Шрифт:
Но вот засерело за окном, рассеялась темнота, и в холодной тишине дома, согреваемые только выигранным в карты у военных спиртом, обрадовались контролер и урку-емец, и оба подошли к окну.
— Ну вот, выжили-таки, — вздохнув, сказал осипшим голосом Добрынин.Теперь можно и в дорогу собираться.
Ваплахов кивнул.
— К старухе пойдем? — спросил Добрынин, припомнив одновременно, что говорила эта старуха о русском народе.
— Надо пойти, — наконец нарушил молчание Ваплахов. — Собак даст.
— Ну хорошо, — произнес народный контролер, как бы успокаивая самого себя. И тут же задумался он о том, что надо бы старухе что-то подарить от имени русского народа. Но как ни задумывался, а ничего придумать не мог. Полез он в свой вещмешок, нашел там пачку обрезанных кожаных страниц с древними письменами, книжки, но ничего такого, что сгодилось бы для подарка, оттуда не выудил.
— Я к этому загляну! — сказал неопределенно Добрынин и пошел в комнату радиста «Петрова».
Комната была раза в два меньше той, в которой они жили. На специальном столике громоздились странные железные аппараты, составлявшие радиостанцию. Тут же справа стоял комодик, а в углу — тумбочка. Вместо кровати в комнате на полу валялся матрас, возле которого чернела перегоревшими углями бочка-буржуйка.
«Скромно жил японец!» — подумал Добрынин. Заглянул в комод и тут же обрадовался, заметив разные мешочки с провизией.
— Эй, Дмитрий, глянь сюда! — крикнул он погромче, чтобы урку-емец в соседней комнате мог его услышать.

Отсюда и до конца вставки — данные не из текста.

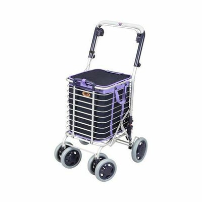 ・手元レバーを握ればブレーキ・押し下げれば停車ストッパーになる簡単操作のワイヤーカート。・スーパーなどの店内カゴが載せられます。レジまでそのままカートを押していけます。 サイズ/幅48.5×奥行49.5×高さ88~98(3段階/5cm)cm、折りたたみ時:奥行27×高さ78~88cm 車輪サイズ/前輪14×後輪17cm 重さ/5.4kg 材質/フレーム:アルミ、バッグ:(花柄赤)綿、(花柄紺・メッシュ紺)ポリエステル バッグ容量/30L 積載荷重/20kg 最大使用者体重/80kg 標準機能/折りたたみ、2WAYキャスター(360度・固定)、手元ブレーキ、駐車ブレーキ 生産国/日本 SGマーク取得商品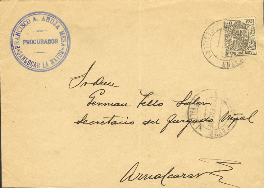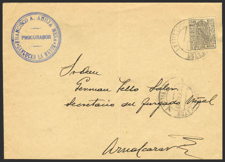 Fis 35. 1937. 30 cts gray MOBILE. SAN LUCAR LA MAYOR to AZNALCAZAR. On the back arrival. MAGNIFICENT.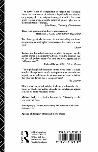 The Western world is currently gripped by an obsessive concern for the rights of animals - their uses and abuses. In this book, Leahy argues that this is a movement based upon a series of fundamental misconceptions about the basic nature of animals. This is a radical philosophical questioning of prevailing views on animal rights, which credit animals with a self-consciousness like ours. Leahy's conclusions have implications for issues such as bloodsports, meat eating and fur trading.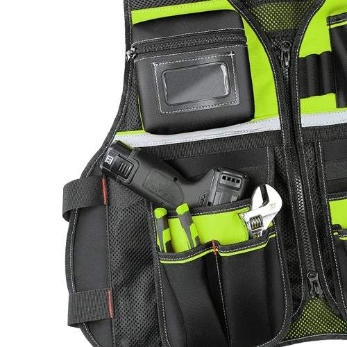 Zwiększ swoją produktywność i komfort pracy dzięki naszej wielofunkcyjnej kamizelce monterskiej. Ta wytrzymała i praktyczna kamizelka została zaprojektowana, aby pomóc Ci utrzymać wszystkie niezbędne narzędzia i akcesoria w zasięgu ręki.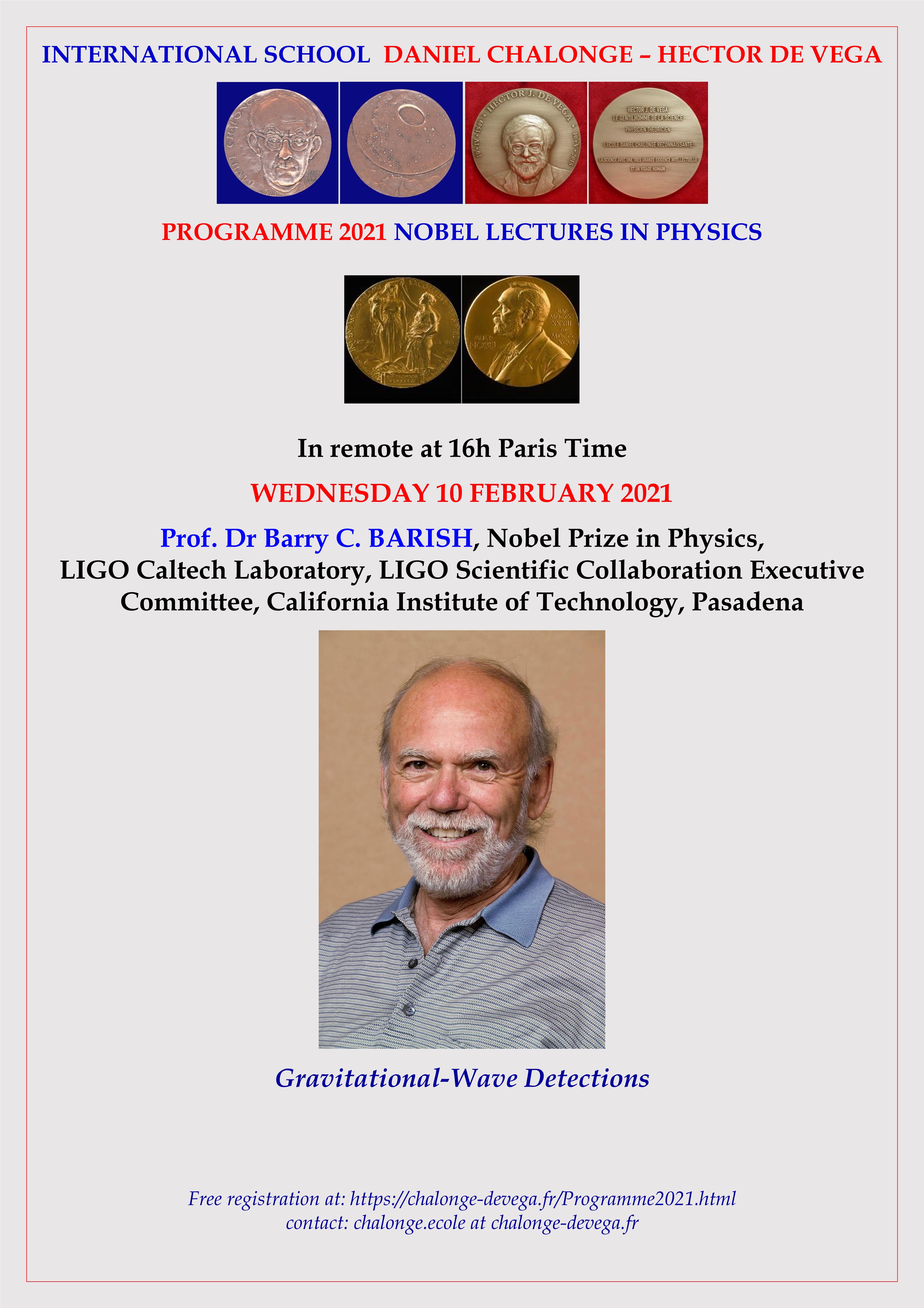 - Wednesday 10 February 2021: Prof. Dr Barry C. BARISH, Nobel Prize in Physics, LIGO Caltech Laboratory, LSCEC, California Institute of Technology, Pasadena and University of California Riverside: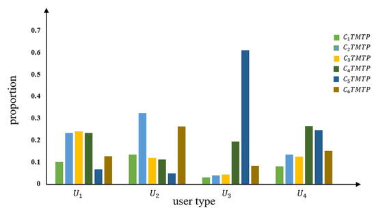 For user set , classified using the MS-cluster method, there is no significant difference in the distribution of the average proportion of different TMTP types between user type and . For , there are only small differences among the proportions of different TMTP types in . The largest proportion among the six TMTP types is , accounting for 29% of the total daily driving patterns. The smallest proportion is seen for , accounting for 5%, while the proportions of other TMTP types are similar, around 15%. For , there are only little differences among the proportion of different TMTP types. The proportions of , , and are around 20%, and the proportions of and are around 15%. In summary, there are no clear daily typical TMTP types in user type and , indicating that the MS-cluster method does not effectively distinguish the driving behavior of different users.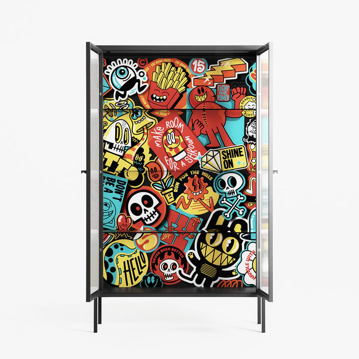 All The Stickers by Craig Watkins, displayed within the Vitrine Cabinet behind Reeded glass. Finished in the colour Antracite, the cabinet becomes a frame for the artwork and the objects within.

Урку-емец, зайдя в комнату и оценив содержимое комодика, улыбнулся многозначительно.
— Как ты думаешь, если это вот старухе подарить, она обрадуется? — спросил Добрынин.
— Как не обрадоваться! — урку-емец кивнул. — Каждый человек обрадуется!
— Я о каждом не говорю, — перебил его народный контролер. — Я о той старухе, у которой собак возьмем.
— Обрадуется, обрадуется, — Ваплахов снова закивал.
— Ну так давай, выбери, что нам с собой взять, а остальное ей отдадим! — приказал Добрынин и ушел в большую комнату.
В большой комнате народный контролер уселся на свою кровать, посмотрел на морозные оконные узоры. Задумался.
Путаные мысли перебивали друг друга в его голове и вообще вели себя как дети, так что захотел было даже Добрынин прикрикнуть на них, чтоб умолкли. Вот опять предстояла ему дорога и опять неизвестно куда. Что оставит он здесь позади себя? Что толку от того, что проверил он количество заготовленной пушнины, если пушнина эта поехала в чужую страну? Почему о том, что здесь происходит, должен знать товарищ Волчанов и какие-то неизвестные члены Политбюро, но это же самое неизвестно товарищу Тверину? Почему тот же Волчанов, приехав проводить его на аэродром, ничего не сказал ему о японских революционерах? Вопросы сыпались на Добрынина, и, казалось, мысли его больше не подчиняются голове и не пытаются помочь народному контролеру разобраться с происходящим. А тут еще некстати вспомнилось ему прошлое пребывание в Хулайбе, вспомнился коммунист-оборотень Кривицкий, которого судили национальным якутским судом. За что судили? За исчезновение урку-емцев, за то, что по ночам японцам отдавал заготовленную пушнину… Уж не этим ли самым японцам отдавал он соболей? Неужели зря его принесли в жертву? Но как же быть с двумя погибшими контролерами, навечно оставшимися в полупрозрачном льду? «Нет, — думал Добрынин, — не был он невиновным…» Но тут же какая-то другая мысль перебивала предыдущую и твердила шепотом: «Был, был.., а контролеры сами случайно погибли!» Мотнул народный контролер головой, разгоняя утомительные мысли. Поднялся с кровати, взял вещмешок и вышел.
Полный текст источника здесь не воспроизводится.